** DATA BLOCK follows **

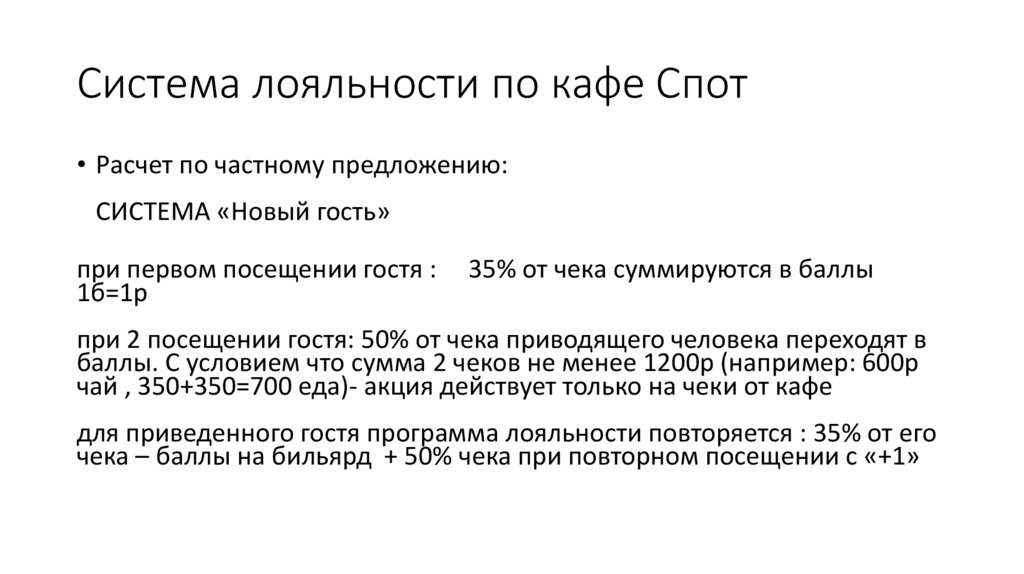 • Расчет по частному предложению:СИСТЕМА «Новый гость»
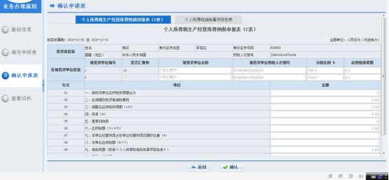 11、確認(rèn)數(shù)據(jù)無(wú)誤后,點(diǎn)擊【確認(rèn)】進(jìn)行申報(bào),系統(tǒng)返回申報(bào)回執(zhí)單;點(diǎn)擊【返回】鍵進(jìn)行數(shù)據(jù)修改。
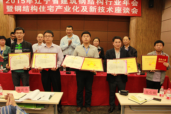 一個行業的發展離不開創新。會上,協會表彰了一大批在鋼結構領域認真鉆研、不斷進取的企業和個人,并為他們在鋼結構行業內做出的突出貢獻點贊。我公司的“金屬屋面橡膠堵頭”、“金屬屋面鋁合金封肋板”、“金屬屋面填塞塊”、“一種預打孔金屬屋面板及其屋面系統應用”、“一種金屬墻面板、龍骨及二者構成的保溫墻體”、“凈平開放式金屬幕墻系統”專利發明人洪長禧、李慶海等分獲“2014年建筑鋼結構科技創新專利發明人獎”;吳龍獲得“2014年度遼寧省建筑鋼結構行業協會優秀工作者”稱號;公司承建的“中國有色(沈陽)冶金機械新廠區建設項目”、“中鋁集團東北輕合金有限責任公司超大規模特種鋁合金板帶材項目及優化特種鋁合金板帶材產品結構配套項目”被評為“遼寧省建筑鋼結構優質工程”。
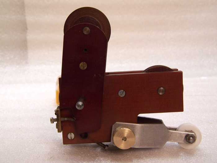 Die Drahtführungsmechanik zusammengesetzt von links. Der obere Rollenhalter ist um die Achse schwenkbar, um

** End of DATA BLOCK **

WORK INSTRUCTIONS: The whole of the data needs to be copied word for word, though not its pictures.

ANSWER FOR THE TASK:
 • Расчет по частному предложению:СИСТЕМА «Новый гость»
 11、確認(rèn)數(shù)據(jù)無(wú)誤后,點(diǎn)擊【確認(rèn)】進(jìn)行申報(bào),系統(tǒng)返回申報(bào)回執(zhí)單;點(diǎn)擊【返回】鍵進(jìn)行數(shù)據(jù)修改。
 一個行業的發展離不開創新。會上,協會表彰了一大批在鋼結構領域認真鉆研、不斷進取的企業和個人,并為他們在鋼結構行業內做出的突出貢獻點贊。我公司的“金屬屋面橡膠堵頭”、“金屬屋面鋁合金封肋板”、“金屬屋面填塞塊”、“一種預打孔金屬屋面板及其屋面系統應用”、“一種金屬墻面板、龍骨及二者構成的保溫墻體”、“凈平開放式金屬幕墻系統”專利發明人洪長禧、李慶海等分獲“2014年建筑鋼結構科技創新專利發明人獎”;吳龍獲得“2014年度遼寧省建筑鋼結構行業協會優秀工作者”稱號;公司承建的“中國有色(沈陽)冶金機械新廠區建設項目”、“中鋁集團東北輕合金有限責任公司超大規模特種鋁合金板帶材項目及優化特種鋁合金板帶材產品結構配套項目”被評為“遼寧省建筑鋼結構優質工程”。
 Die Drahtführungsmechanik zusammengesetzt von links. Der obere Rollenhalter ist um die Achse schwenkbar, um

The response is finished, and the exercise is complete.